§ **How to complete this task**: Return the lines that run from the beginning of the entries to the line holding "Crafted with pure", inclusive, and drop the pictures.

§ **Records shown**:
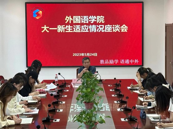 5月24日,外国语学院于平度校区明德楼会议室召开2022级学生大学适应情况座谈会。学院党委书记王效仿出席,2022级辅导员邹晓婷主持,学院2022级部分学生代表参加。
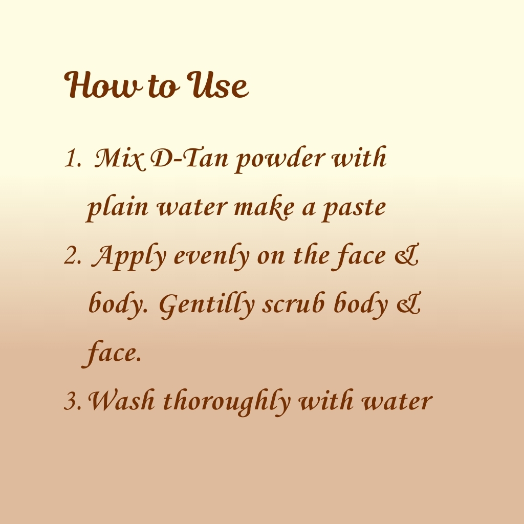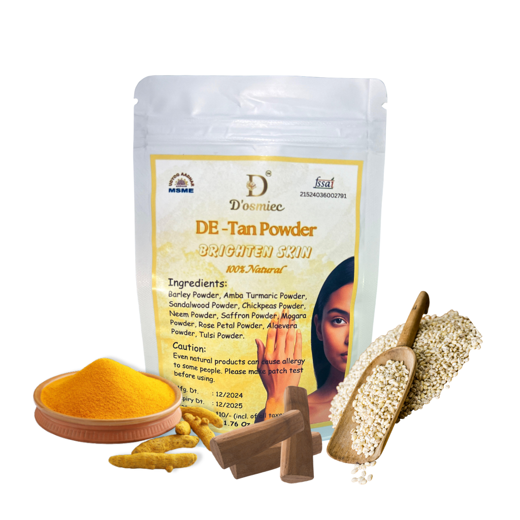 Crafted with pure Ayurvedic ingredients, our De-Tan Powder is free from harmful chemicals and synthetic additives, ensuring a safe and effective skincare solution for glowing, healthy skin.
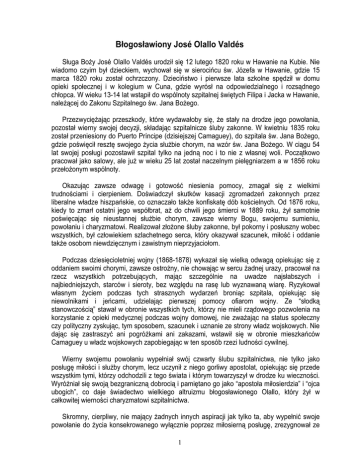 Błogosławiony José Olallo Valdés Sługa Boży José Olallo Valdés urodził się 12 lutego 1820 roku w Hawanie na Kubie. Nie wiadomo czyim był dzieckiem, wychował się w sierocińcu św. Józefa w Hawanie, gdzie 15 marca 1820 roku został ochrzczony. Dzieciństwo i pierwsze lata szkolne spędził w domu opieki społecznej i w kolegium w Cuna, gdzie wyrósł na odpowiedzialnego i rozsądnego chłopca. W wieku 13-14 lat wstąpił do wspólnoty szpitalnej świętych Filipa i Jacka w Hawanie, należącej do Zakonu Szpitalnego św. Jana Bożego. Przezwyciężając przeszkody, które wydawałoby się, że stały na drodze jego powołania, pozostał wierny swojej decyzji, składając szpitalnicze śluby zakonne. W kwietniu 1835 roku został przeniesiony do Puerto Príncipe (dzisiejszej Camaguey), do szpitala św. Jana Bożego, gdzie poświęcił resztę swojego życia służbie chorym, na wzór św. Jana Bożego. W ciągu 54 lat swojej posługi pozostawił szpital tylko na jedną noc i to nie z własnej woli. Początkowo pracował jako salowy, ale już w wieku 25 lat został naczelnym pielęgniarzem a w 1856 roku przełożonym wspólnoty. Okazując zawsze odwagę i gotowość niesienia pomocy, zmagał się z wielkimi trudnościami i cierpieniem. Doświadczył skutków kasacji zgromadzeń zakonnych przez liberalne władze hiszpańskie, co oznaczało także konfiskatę dób kościelnych. Od 1876 roku, kiedy to zmarł ostatni jego współbrat, aż do chwili jego śmierci w 1889 roku, żył samotnie poświęcając się nieustannej służbie chorym, zawsze wierny Bogu, swojemu sumieniu, powołaniu i charyzmatowi. Realizował złożone śluby zakonne, był pokorny i posłuszny wobec wszystkich, był człowiekiem szlachetnego serca, który okazywał szacunek, miłość i oddanie także osobom niewdzięcznym i zawistnym nieprzyjaciołom. Podczas dziesięcioletniej wojny (1868-1878) wykazał się wielką odwagą opiekując się z oddaniem swoimi chorymi, zawsze ostrożny, nie chowając w sercu żadnej urazy, pracował na rzecz wszystkich potrzebujących, mając szczególnie na uwadze najsłabszych i najbiedniejszych, starców i sieroty, bez względu na rasę lub wyznawaną wiarę. Ryzykował własnym życiem podczas tych strasznych wydarzeń broniąc szpitala, opiekując się niewolnikami i jeńcami, udzielając pierwszej pomocy ofiarom wojny. Ze “słodką stanowczością” stawał w obronie wszystkich tych, którzy nie mieli rządowego pozwolenia na korzystanie z opieki medycznej podczas wojny domowej, nie zważając na status społeczny czy polityczny zyskując, tym sposobem, szacunek i uznanie ze strony władz wojskowych. Nie dając się zastraszyć ani pogróżkami ani zakazami, wstawił się w obronie mieszkańców Camaguey u władz wojskowych zapobiegając w ten sposób rzezi ludności cywilnej. Wierny swojemu powołaniu wypełniał swój czwarty ślubu szpitalnictwa, nie tylko jako posługę miłości i służby chorym, lecz uczynił z niego gorliwy apostolat, opiekując się przede wszystkim tymi, którzy odchodzili z tego świata i którym towarzyszył w drodze ku wieczności. Wyróżniał się swoją bezgraniczną dobrocią i pamiętano go jako “apostoła miłosierdzia” i “ojca ubogich”, co daje świadectwo wielkiego altruizmu błogosławionego Olallo, który żył w całkowitej wierności charyzmatowi szpitalnictwa. Skromny, cierpliwy, nie mający żadnych innych aspiracji jak tylko ta, aby wypełnić swoje powołanie do życia konsekrowanego wyłącznie poprzez miłosierną posługę, zrezygnował ze 1 święceń. Mimo że był samoukiem, odznaczał się wielką kompetencją i wrażliwością także jako lekarz - chirurg. Żył z dala od tłumu, stroniąc od zaszczytów, jego spojrzenie było skierowane tylko na Chrystusa, którego odnajdywał w obliczach cierpiących ludzi. Wyrazem jego wielkiej pokory była także rezygnacja z kapłaństwa, pomimo nacisków ze strony swojego arcybiskupa, gdyż powołaniem brata Olallo było całkowite poświęcenie się służbie chorym i ubogim. Świadkowie mówią o jego głębokiej wierze w przeżywaniu konsekracji zakonnej i w wypełnianiu ślubów czystości, posłuszeństwa, ubóstwa i szpiatalnictwa. Kiedy 7 marca 1889 roku, odszedł z tego świata uznano, że umarł jako święty, “śmiercią sprawiedliwego”. Śmierć, czuwanie, pogrzeb, pomnik-mauzoleum, który od tego czasu aż po dzień dzisiejszy jest stale odwiedzany, dają świadectwo jego świętości, która znajduje także odbicie w pobożności wiernych. Umarł, ale pozostał żywy w sercach ludzi, którzy z miłością nazywali go „Ojcem Olallo”. Wielka sława świętości, która go otaczała była owocem stylu jego życia, jako człowieka o szlachetnej duszy, skromnego i sprawiedliwego. Był przykładem cnót, z sercem pełnym gorliwej miłości do “moich umiłowanych braci”: cierpliwy, radosny, uprzejmy ale przede wszystkim niestrudzony apostoł miłosierdzia. Był wiernym naśladowcą Założyciela swojego Zakonu. Bóg był jego życiem, żył napełniony miłością Boga. Odwzajemniał ten dar miłości jak tylko mógł. “Bóg zajmował pierwsze miejsce w jego dziełach i zamysłach: czynił dobro i nosił Chrystusa zawsze w głębi swojej duszy”. To jego nadzwyczajne miłosierdzie było zakorzenione w wierze, która uznaje w “Bogu własnego Ojca, a Jezus był centrum całego jego życia, fundamentem jego miłości i miłosierdzia. Ukrzyżowany był tajemnicą jego wierności bożemu miłosierdziu, które inspirowało każde jego dzieło”. Pomimo że miał silny charakter, zawsze poddawał się woli Bożej, aby lepiej stawiać czoła trudom codzienności wynikającym z posługi szpitalniczej także w trudnych i niebezpiecznych dla życia sytuacjach, starając się zawsze pomagać swoim podopiecznym w jak najlepszy sposób. Od chwili śmierci „Ojca Olallo” sława jego świętości rozszerzała się z dnia na dzień, początkowo wśród mieszka
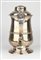 corpo a balaustro liscio con coperchio duomato, poggiadito traforato, manico a voluta con terminale a cuore. Serie completa di marchi Londra 1791-92, argentieri Peter & Ann Bateman. Diametro piede 11 cm, altezza 20,5 cm. Peso 735 gr. Stato di conservazione: **** buono.
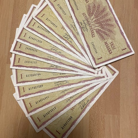 Myyn viisi kpl hiippukuntoisia markan seteleitä. Hinta vain 3 eur/kpl.
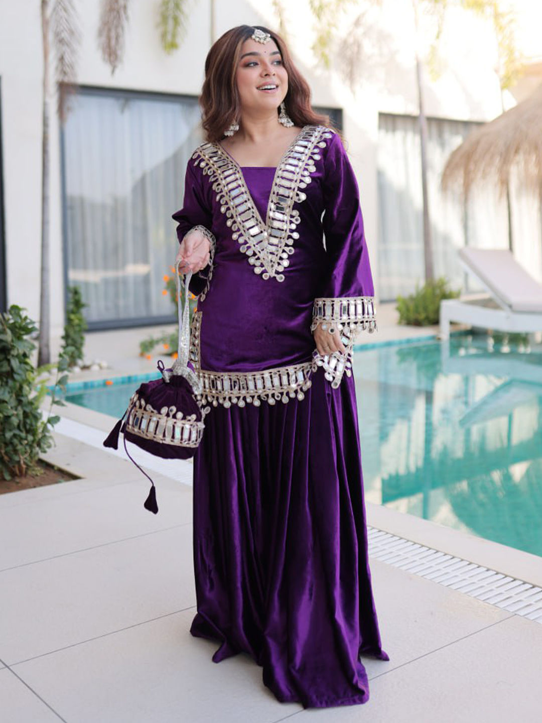 Purple and Violet color Salwar Kameez in Velvet fabric with Mirror work
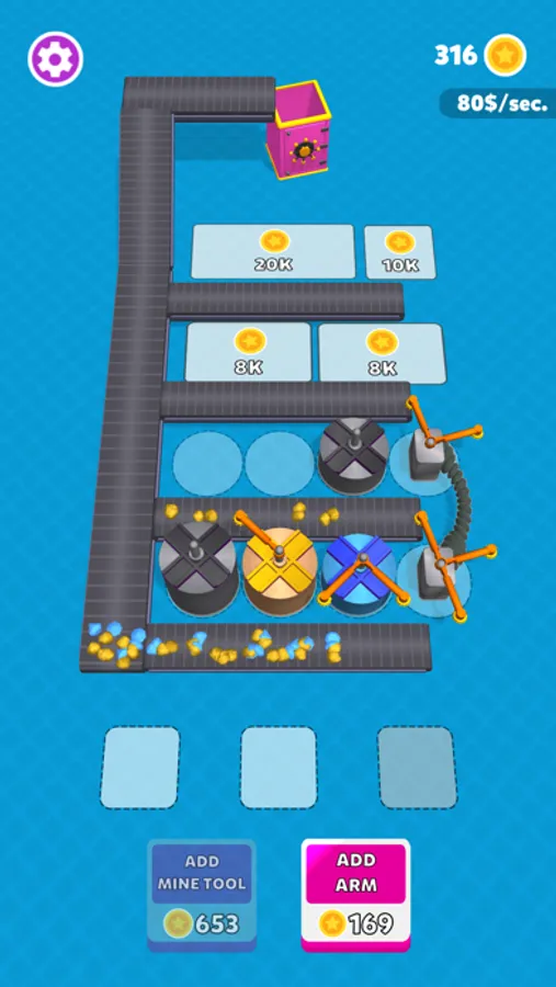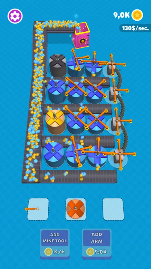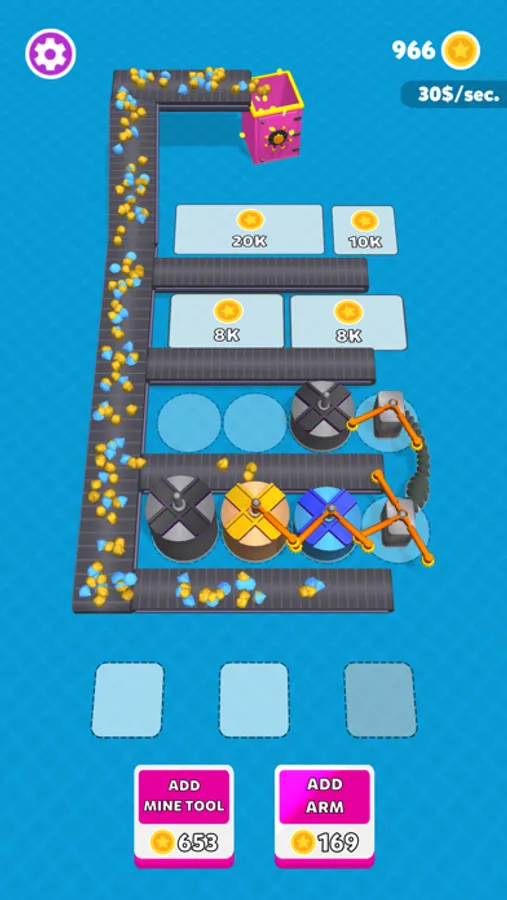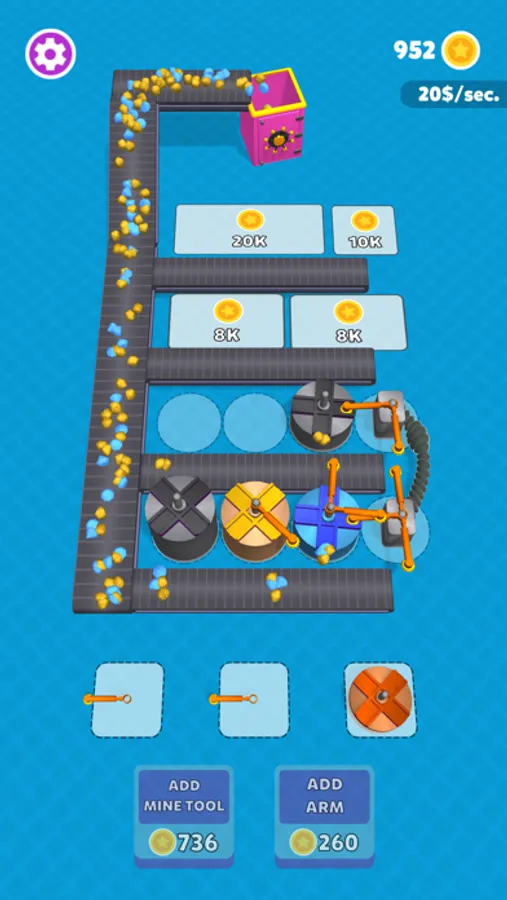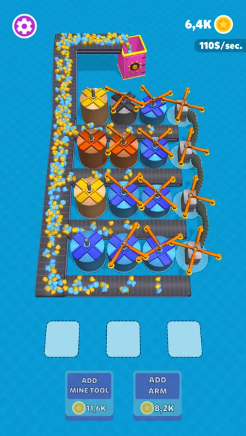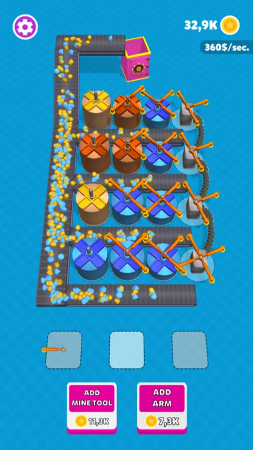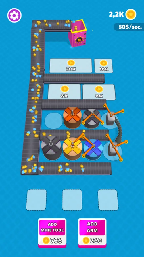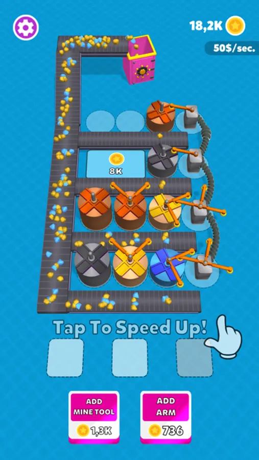 Add more mine tool and arm, improve the system and earn more! The gears are spinning! Every click is money! Click more to earn more gold and diamonds!
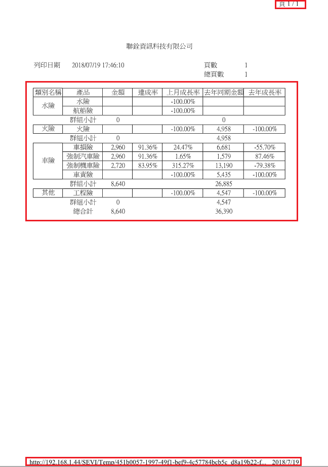 1.以 「群組報表」為範例,測試兩種情況,有使用印表元件及未使用印表元件兩者的差別,測試瀏覽器為IE。
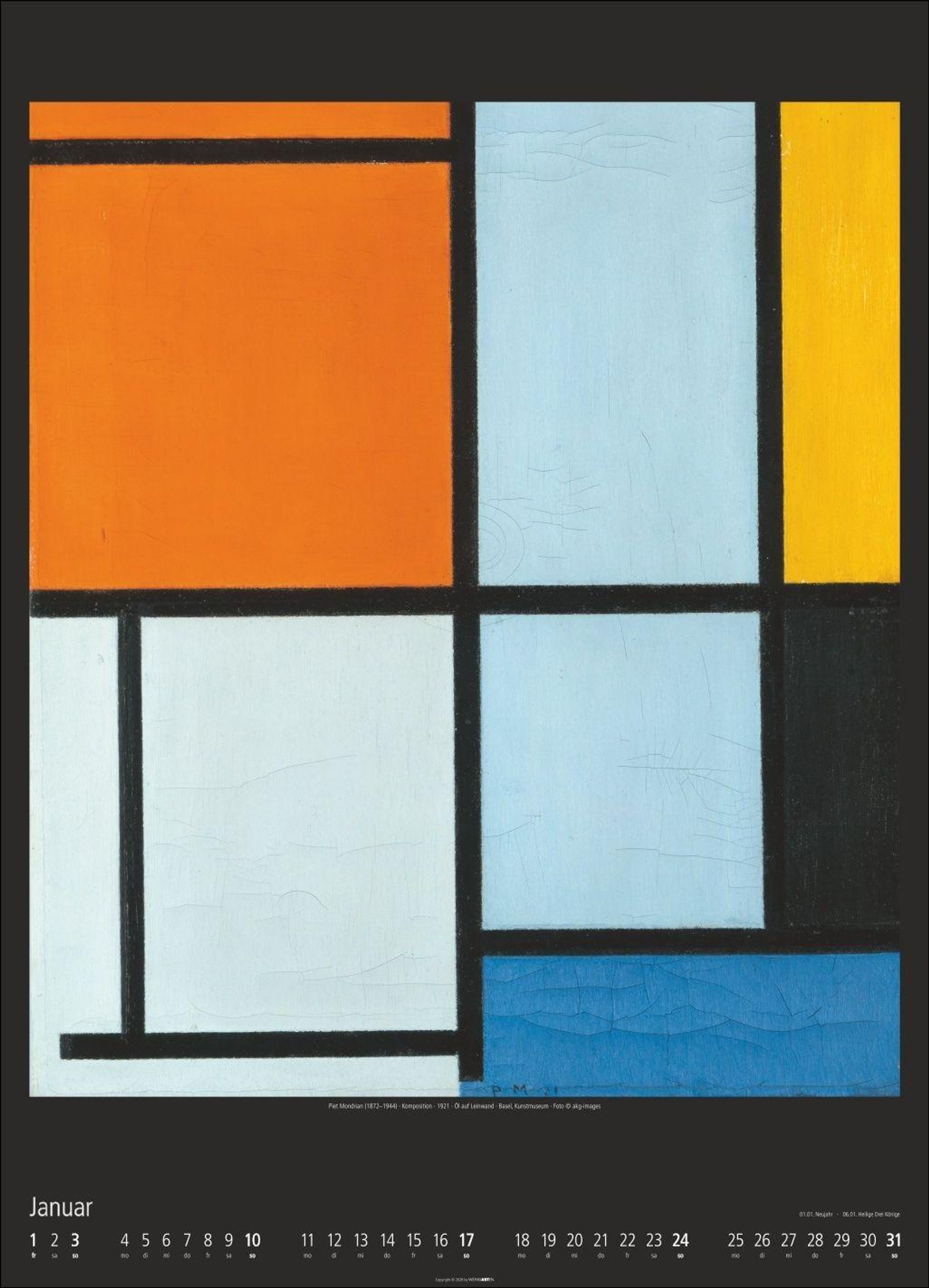 Auf Augenhöhe mit den großen Meistern des 20. Jahrhunderts: Kunstkalender im XXL-Format 49 x 68 cm mit Gemälden von Mondrian, Klee, Oskar Schlemmer und anderen
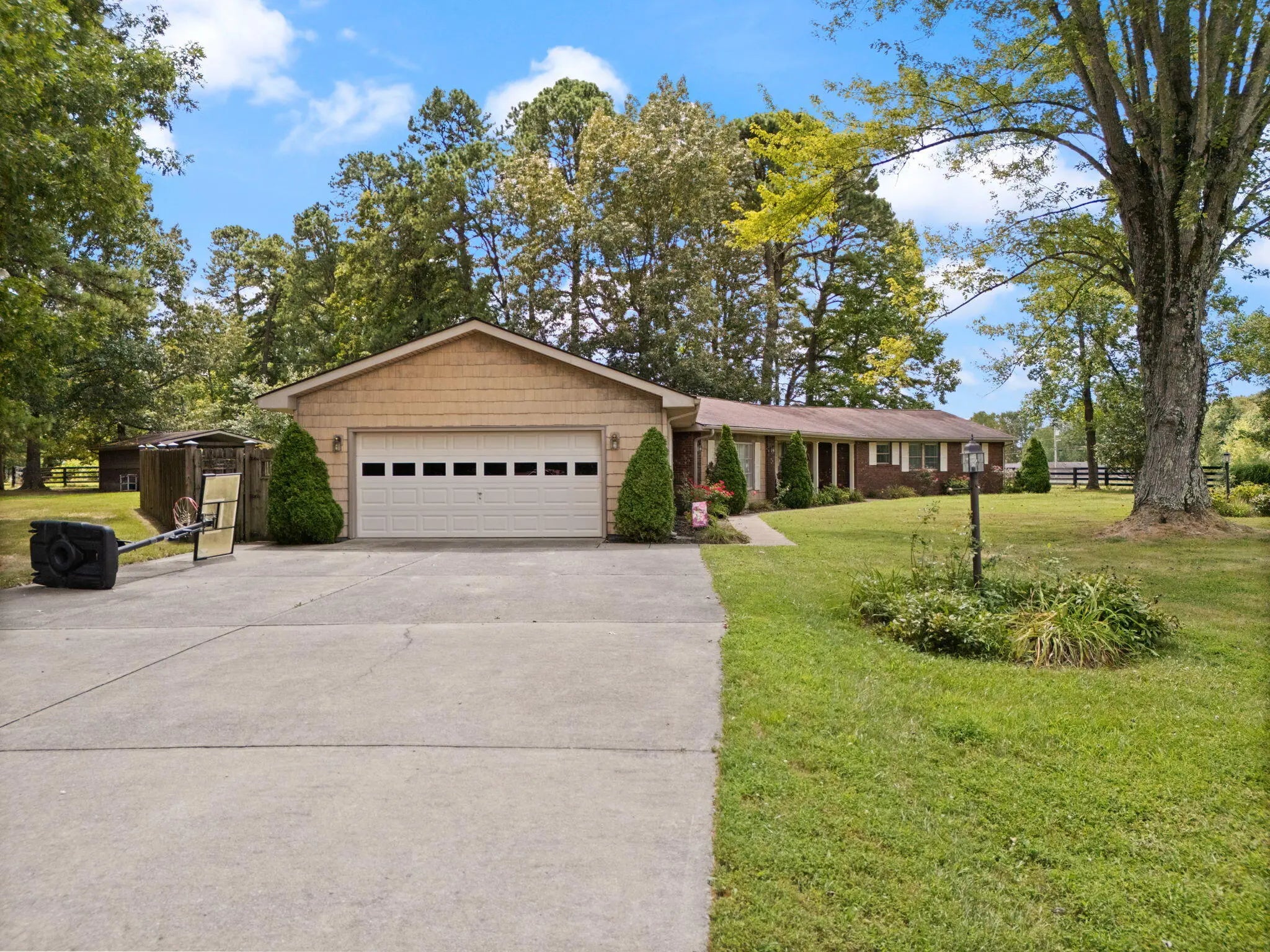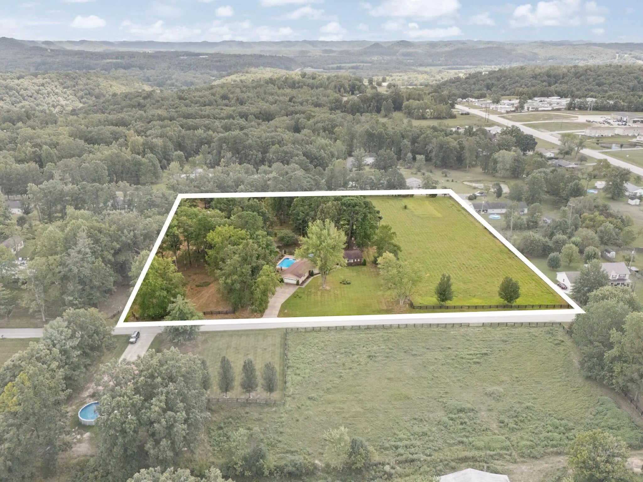 You will be living large in the sprawling ranch home. Lots of amenities! Brick and vinyl siding adorn this traditional layout. Large Dining Room, Sunken Living room with brick fireplace. Cherry stained solid wood cabinets flank the kitchen. The MASSIVE great room is where all the entertaining will be- when you are not on the patio or lounging in the in-ground pool. 3 large bedrooms, 2 full and 1/2 bath round out the living areas. This property sits on 6 - 1 acre lots. Yes you read that correctly this property is 6 acres. There is a 3 board fence surrounding the property and a privacy fence to keep the pool private. There is a separate outbuilding/shed for the mowers and tools but the Winner, Winner-Chicken Dinner Grand Daddy of the outside features is the large 36 x 48 fully wired ...Wood shop/garage. This building may just save your marriage if you spend enough time out there. There is a small wall heater and ac to keep you there during the elements. Efficient heating and cooling with the Delta natural gas that powers the furnace and 2 fireplaces. Minutes to Cave Run Lake, Walmart, Kroger and downtown. What are you waiting for? If you have to sleep on it, you may never get to sleep in it!

§ **Response to the task**:
 5月24日,外国语学院于平度校区明德楼会议室召开2022级学生大学适应情况座谈会。学院党委书记王效仿出席,2022级辅导员邹晓婷主持,学院2022级部分学生代表参加。
 Crafted with pure Ayurvedic ingredients, our De-Tan Powder is free from harmful chemicals and synthetic additives, ensuring a safe and effective skincare solution for glowing, healthy skin.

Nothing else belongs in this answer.